Her third video took an even darker turn, urging single women to target federal agents through dating apps.
“Get on Tinder, get on Hinge, find these guys,” she said.
“Bring some Ex-Lax and put it in their drinks. Get them sick. Just enough to incapacitate them and get them off the street for the next day.”
She concluded with a call for coordination and surveillance.
“Let’s make their lives f—— miserable,” she said.
“Where’s the hotel where they eat? Who makes that breakfast? Let’s find them.”
The compilation of these clips was later shared by Libs of TikTok, sparking national outrage.
Hospital Investigation and Police Involvement
After the videos gained traction, VCU Health confirmed the nurse was immediately removed from duty and barred from hospital facilities.
“The content of the videos is highly inappropriate and does not reflect the integrity or values of our health system,” VCU told Fox News Digital.
VCU Police have launched an active investigation while hospital administrators review potential licensing and employment consequences.

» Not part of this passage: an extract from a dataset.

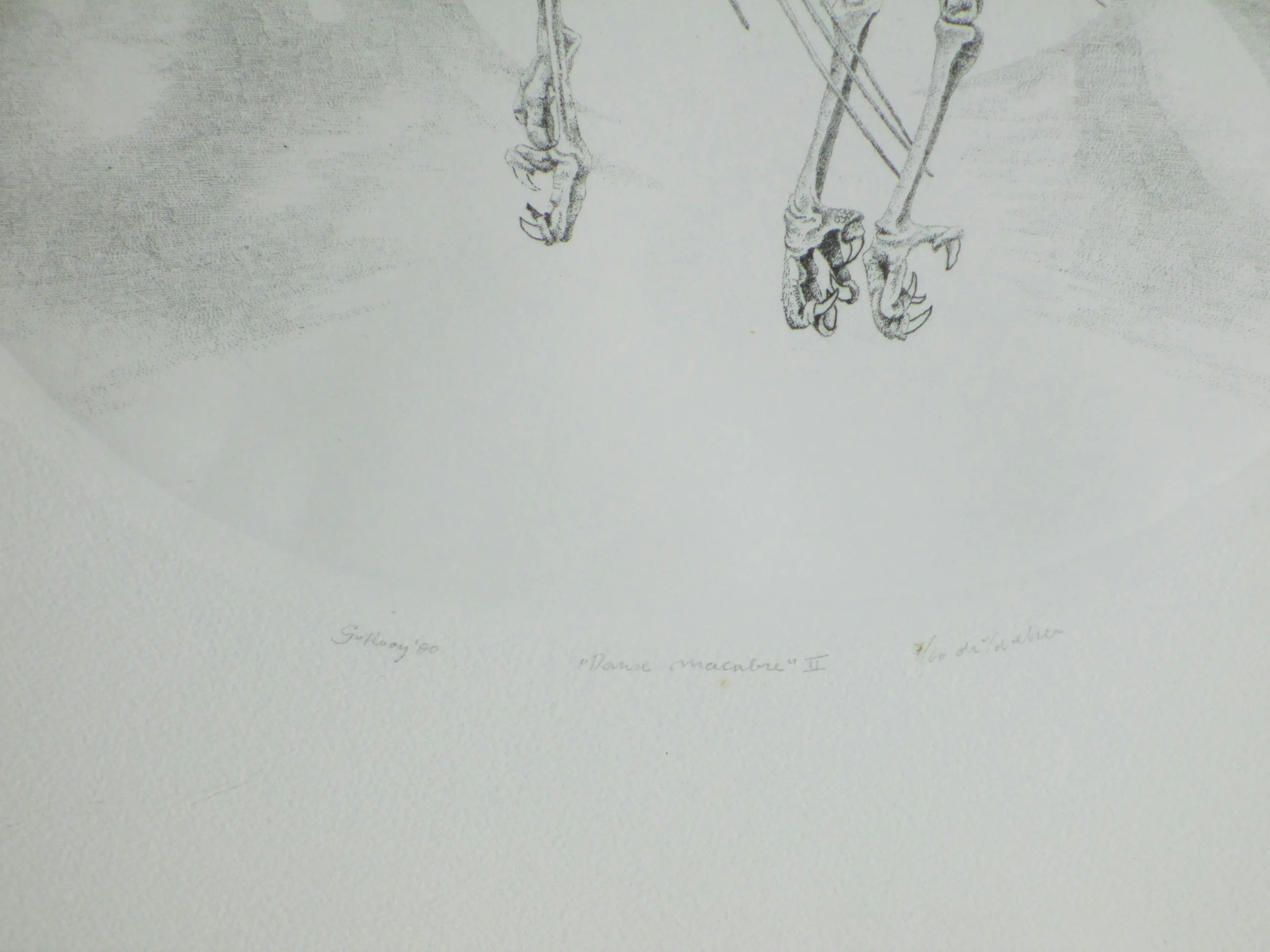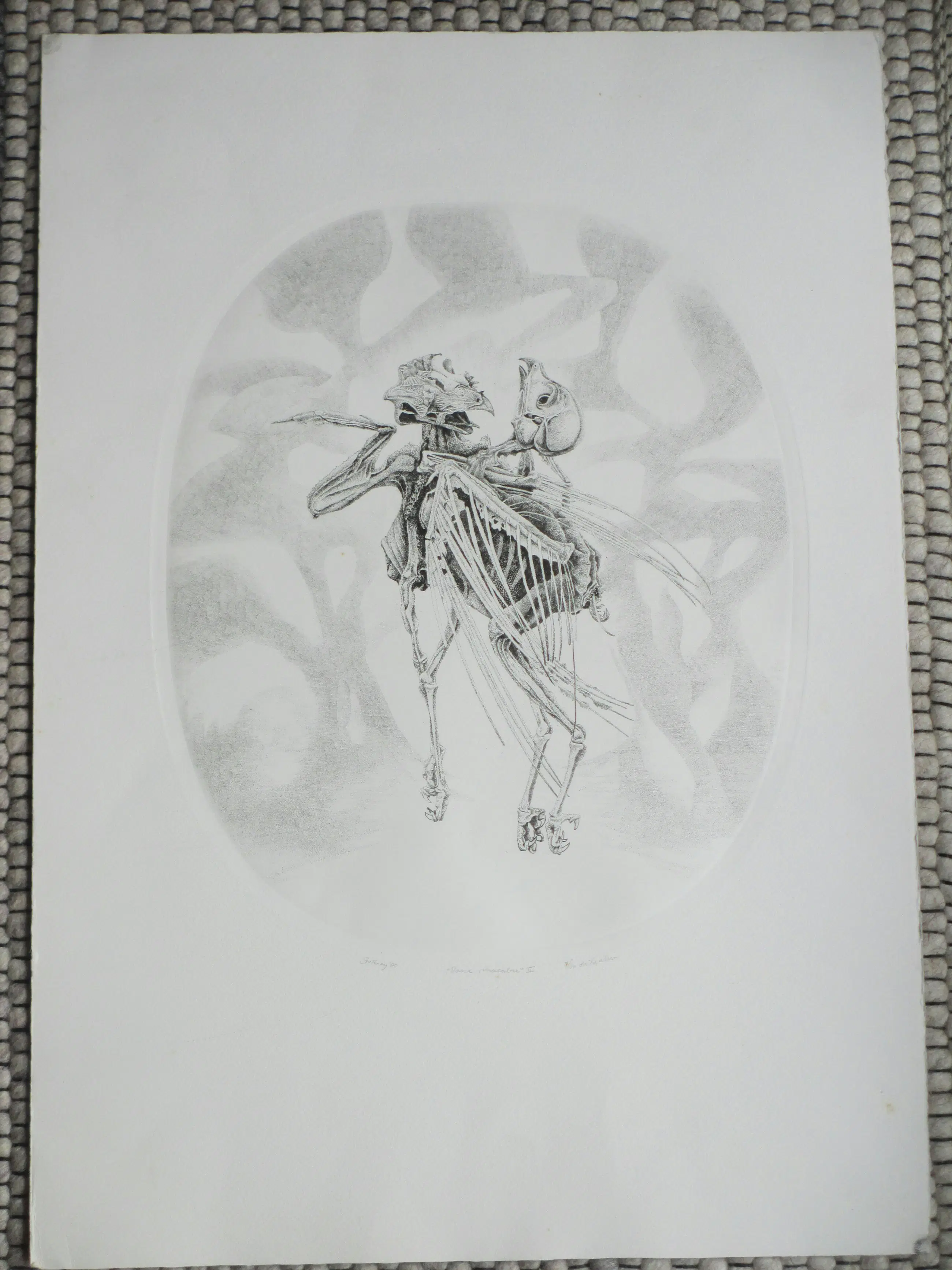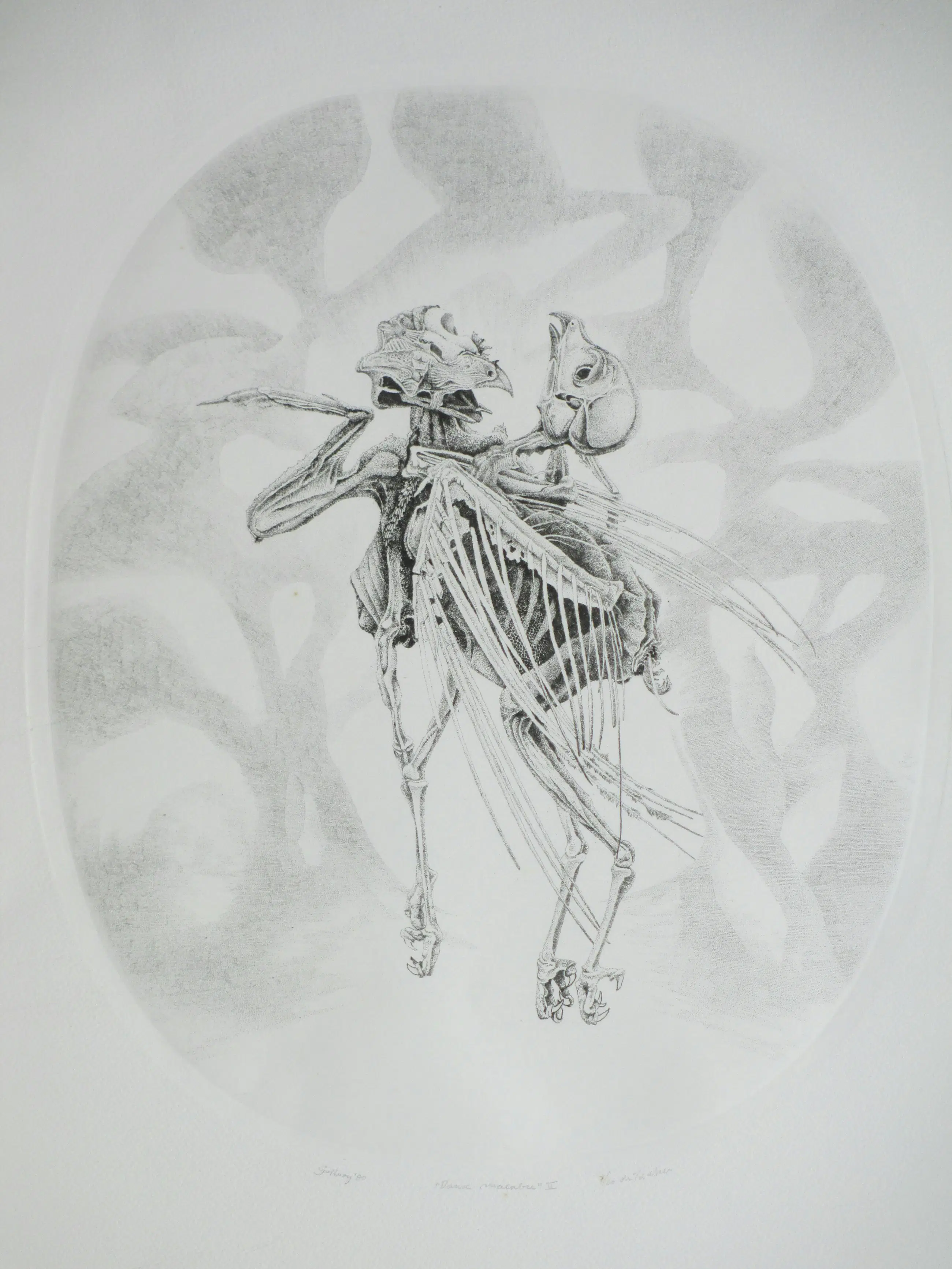 Ets in ovaal door Gerard van Rooy Voorstelling van twee vogelskeletten in een macabere dans Losbladig, beeldmaat 36x30, bladmaat 56x39 Gesigneerd en gedateerd in potlood l.o.: 'G v Rooy '80' Getiteld in potlood m.o.: "Danse macabre" II Genummerd en annotatie in potlood r.o.: '7/60 dr v/d etser' Authenticiteit volledig gegarandeerd

Pattern of Escalating Attacks on ICE
This incident is not happening in isolation. Across the country, healthcare workers and activists have increasingly inserted themselves into ICE operations, sometimes violently.
In Minneapolis, a federal officer was allegedly seriously injured during an anti-ICE confrontation. In California, two surgery center employees were charged with felony assault after allegedly blocking ICE agents from arresting an illegal immigrant who fled into their clinic.
Federal law clearly states that assaulting, obstructing, or interfering with federal officers is a serious crime. That includes using drugs, chemical agents, or physical barriers to impede lawful arrests.
Healthcare professionals are not exempt. In fact, their access to restricted medications and medical facilities raises the stakes even higher.
What the Media Leaves Out
The nurse’s videos openly encouraged poisoning federal agents, drugging them without consent, and coordinating harassment at their living quarters.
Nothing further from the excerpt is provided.